§ Material for this task
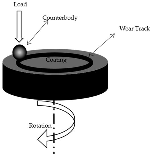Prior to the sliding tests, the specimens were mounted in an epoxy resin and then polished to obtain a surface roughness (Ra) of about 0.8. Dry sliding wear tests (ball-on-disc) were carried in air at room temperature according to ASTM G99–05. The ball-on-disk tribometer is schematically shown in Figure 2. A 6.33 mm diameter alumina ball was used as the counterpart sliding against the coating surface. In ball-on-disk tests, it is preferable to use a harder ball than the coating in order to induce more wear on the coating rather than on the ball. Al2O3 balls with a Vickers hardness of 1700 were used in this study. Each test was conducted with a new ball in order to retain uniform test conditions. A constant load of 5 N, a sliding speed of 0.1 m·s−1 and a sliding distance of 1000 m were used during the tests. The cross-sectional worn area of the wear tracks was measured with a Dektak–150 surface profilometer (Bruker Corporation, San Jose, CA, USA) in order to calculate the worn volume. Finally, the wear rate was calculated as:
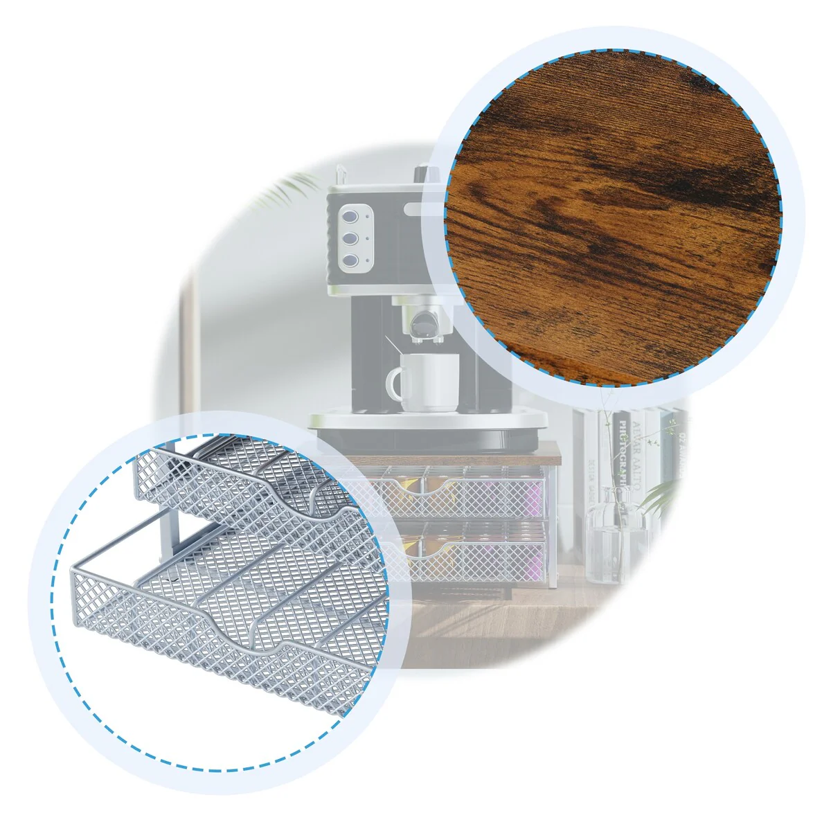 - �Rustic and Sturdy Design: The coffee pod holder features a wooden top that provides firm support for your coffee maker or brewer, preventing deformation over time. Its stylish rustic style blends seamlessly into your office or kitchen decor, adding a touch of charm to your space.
---
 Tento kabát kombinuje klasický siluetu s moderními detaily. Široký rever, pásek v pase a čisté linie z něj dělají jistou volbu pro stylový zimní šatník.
==
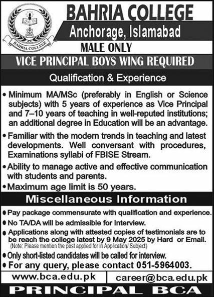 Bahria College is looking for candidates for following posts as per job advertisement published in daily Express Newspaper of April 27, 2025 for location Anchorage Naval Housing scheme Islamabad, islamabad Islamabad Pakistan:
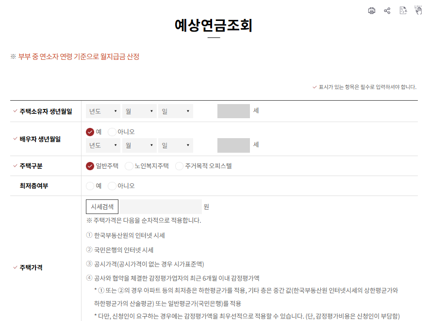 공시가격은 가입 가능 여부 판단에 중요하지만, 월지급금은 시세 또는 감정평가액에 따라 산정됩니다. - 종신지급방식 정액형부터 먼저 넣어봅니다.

§ Work request
Pictures aside, print exactly the lines above starting with the one containing "Prior to the" and going on through the one containing "- �Rustic and".

§ Finished exercise
Prior to the sliding tests, the specimens were mounted in an epoxy resin and then polished to obtain a surface roughness (Ra) of about 0.8. Dry sliding wear tests (ball-on-disc) were carried in air at room temperature according to ASTM G99–05. The ball-on-disk tribometer is schematically shown in Figure 2. A 6.33 mm diameter alumina ball was used as the counterpart sliding against the coating surface. In ball-on-disk tests, it is preferable to use a harder ball than the coating in order to induce more wear on the coating rather than on the ball. Al2O3 balls with a Vickers hardness of 1700 were used in this study. Each test was conducted with a new ball in order to retain uniform test conditions. A constant load of 5 N, a sliding speed of 0.1 m·s−1 and a sliding distance of 1000 m were used during the tests. The cross-sectional worn area of the wear tracks was measured with a Dektak–150 surface profilometer (Bruker Corporation, San Jose, CA, USA) in order to calculate the worn volume. Finally, the wear rate was calculated as:
 - �Rustic and Sturdy Design: The coffee pod holder features a wooden top that provides firm support for your coffee maker or brewer, preventing deformation over time. Its stylish rustic style blends seamlessly into your office or kitchen decor, adding a touch of charm to your space.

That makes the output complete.